▶ Problem requirements
In the data below, restate exactly the lines from the one with "We accept two" to the final line, both included, but not the pictures.

%%

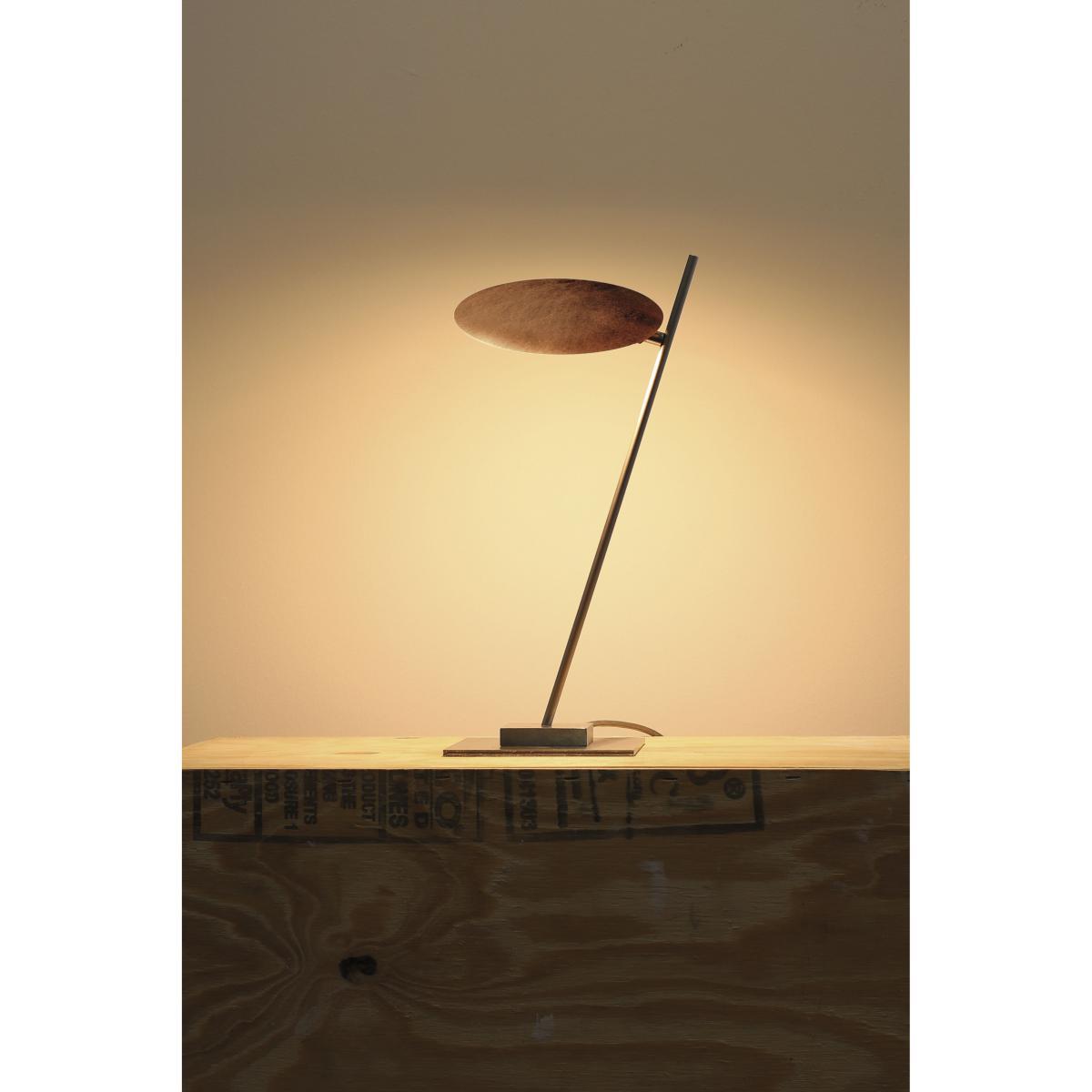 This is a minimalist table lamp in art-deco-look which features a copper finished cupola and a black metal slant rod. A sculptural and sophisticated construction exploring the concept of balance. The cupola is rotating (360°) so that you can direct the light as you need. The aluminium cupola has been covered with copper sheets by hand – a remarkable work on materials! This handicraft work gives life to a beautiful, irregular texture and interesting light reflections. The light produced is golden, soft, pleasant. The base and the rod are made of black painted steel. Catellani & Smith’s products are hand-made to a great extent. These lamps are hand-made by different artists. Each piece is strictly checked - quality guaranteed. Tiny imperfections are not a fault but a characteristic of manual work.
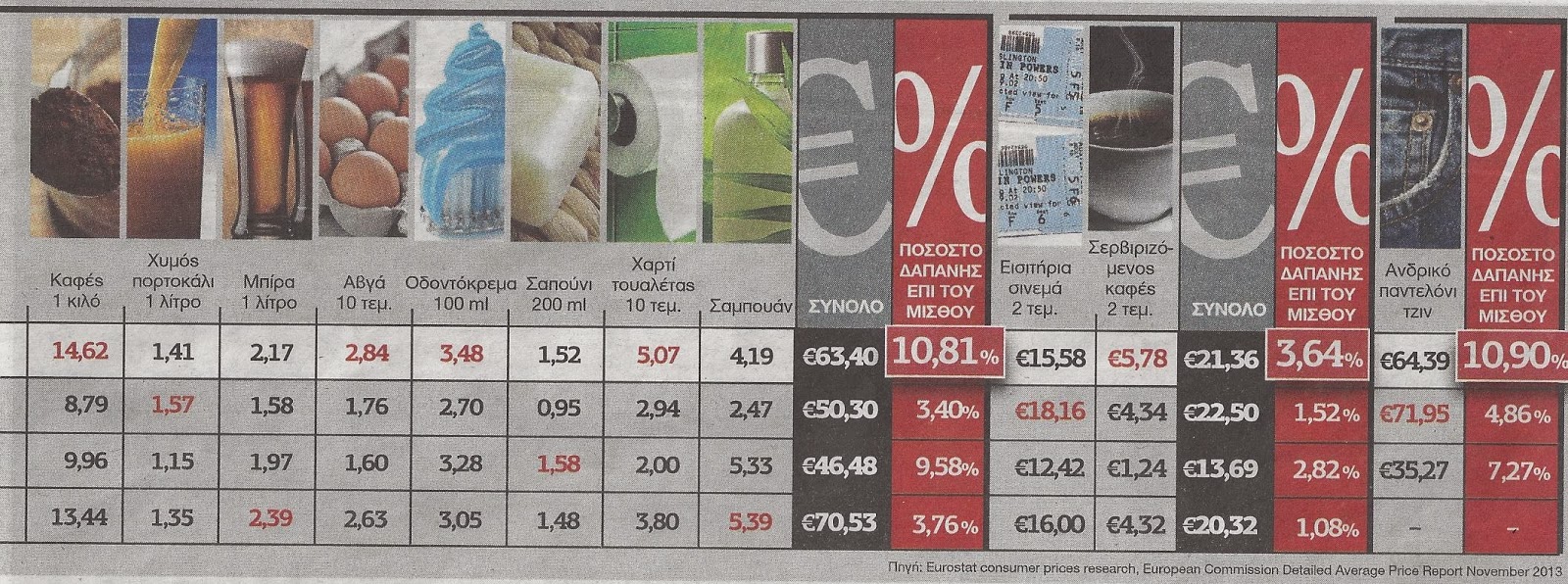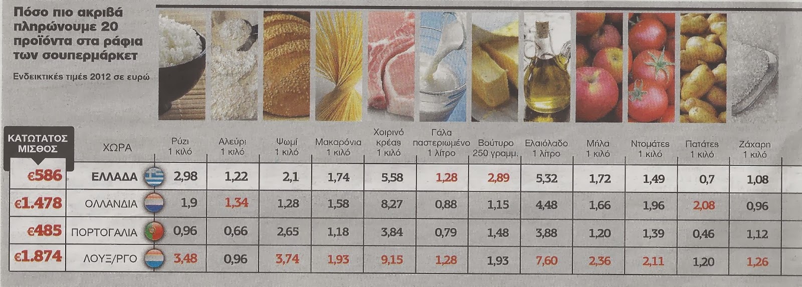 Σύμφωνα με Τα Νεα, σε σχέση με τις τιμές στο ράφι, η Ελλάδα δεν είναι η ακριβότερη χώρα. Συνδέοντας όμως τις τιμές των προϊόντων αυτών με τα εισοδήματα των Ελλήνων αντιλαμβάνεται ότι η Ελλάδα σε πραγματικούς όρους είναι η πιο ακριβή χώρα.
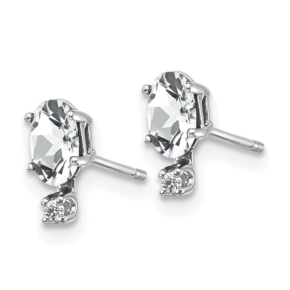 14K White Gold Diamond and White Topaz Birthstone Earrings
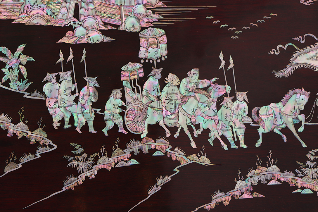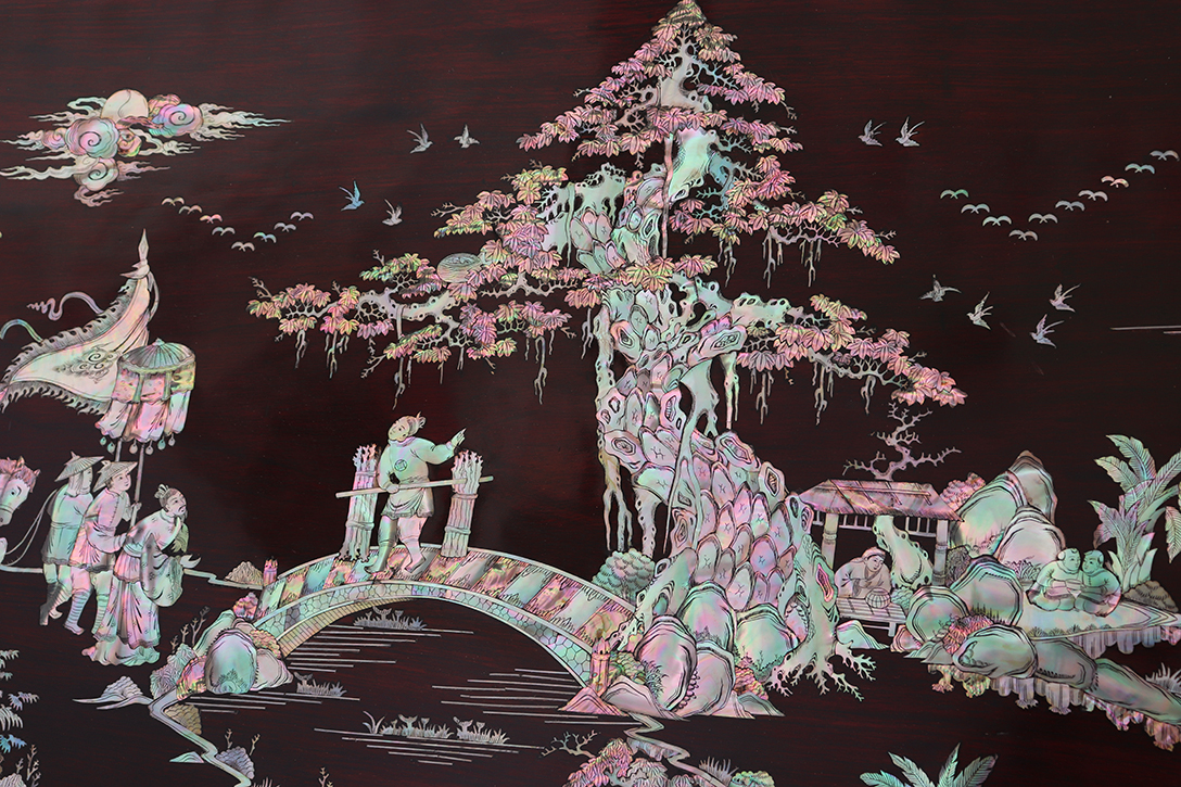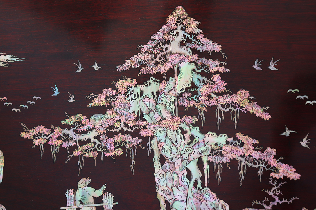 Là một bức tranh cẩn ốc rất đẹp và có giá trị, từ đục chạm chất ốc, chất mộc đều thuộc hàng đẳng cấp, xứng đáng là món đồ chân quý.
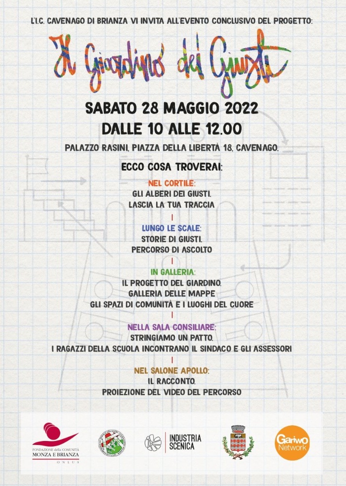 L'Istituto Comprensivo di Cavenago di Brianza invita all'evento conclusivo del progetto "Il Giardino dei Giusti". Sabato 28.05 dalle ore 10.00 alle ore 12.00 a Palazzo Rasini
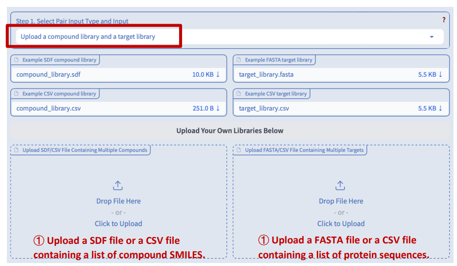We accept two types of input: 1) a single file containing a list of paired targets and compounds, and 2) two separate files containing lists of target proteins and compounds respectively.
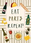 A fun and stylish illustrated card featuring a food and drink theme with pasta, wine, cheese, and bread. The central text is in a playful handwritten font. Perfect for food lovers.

%%

▶ Expected output
We accept two types of input: 1) a single file containing a list of paired targets and compounds, and 2) two separate files containing lists of target proteins and compounds respectively.
 A fun and stylish illustrated card featuring a food and drink theme with pasta, wine, cheese, and bread. The central text is in a playful handwritten font. Perfect for food lovers.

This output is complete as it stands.